The newer Linux kernels implement the \texttt{MADV\_REMOVE} advice to the
\syscall{madvise} system call, but only for tmpfs/shmfs\footnote{Two in-memory
file-systems.} file-systems, and so is not useful for cache eviction hinting
by applications.

\section{Summary of Recommendations}

We recommend that systems seeking to use prefetching to improve boot time should
limit prefetching to blocks required by \syscall{stat} and \syscall{getdents}
system calls, and do that very mildly, and call \syscall{sched\_yield} regularly.  For further boot
time speed up, parallelizing boot tasks should be explored.

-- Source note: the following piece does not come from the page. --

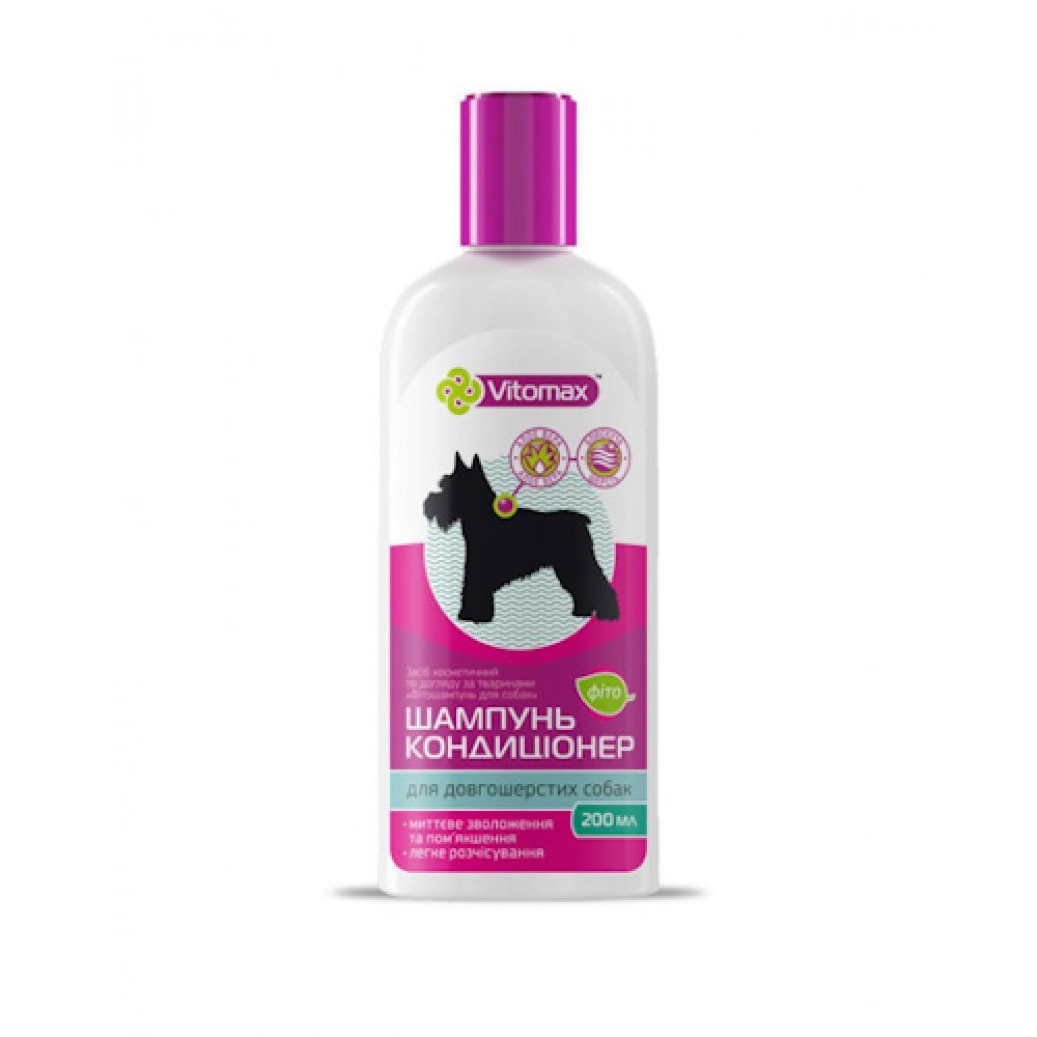 Фитошампунь ТМ Vitomax - натуральный шампунь-кондиционер для длинношерстных собак на основе экстрактов растений, полезных для кожи и шерсти. Имеет противопаразитарный эффект. Фитошампунь состоит исключительно из натуральных и природных компонентов, которые положительно влияют на шерсть и кожу домашнего животного.

To improve the log-in time, it is best to start prefetching when the log-in
display manager becomes idle.  This is a good time to prefetch: the system is
idle, and it can be predicted with high probability what to prefetch.  This
feature is implemented in GNOME Display Manager for example.  When possible,
the idle I/O scheduling class should be used for prefetching in this stage.

Application start-up time can be improved by modifying applications to reduce
the number of \syscall{stat} and \syscall{getdents}\footnote{Usually caused by
the \syscall{readdir} POSIX function.} system calls.  Moreover, using
\syscall{mmap} instead of \syscall{read} improves performance on its own, and
allows for more prefetching opportunity, like what preload does.  Finally,
applications can take advantage of the \syscall{madvise} system call to let
the kernel know that they will need a section of a mapped file, and let the
kernel prefetch decide to prefetch it.

File-based prefetching integrated with the cache subsystem may be used to
further improve application start-up performance, and reorganizing file layout
on the hard-disk can be used if all other routes have been taken.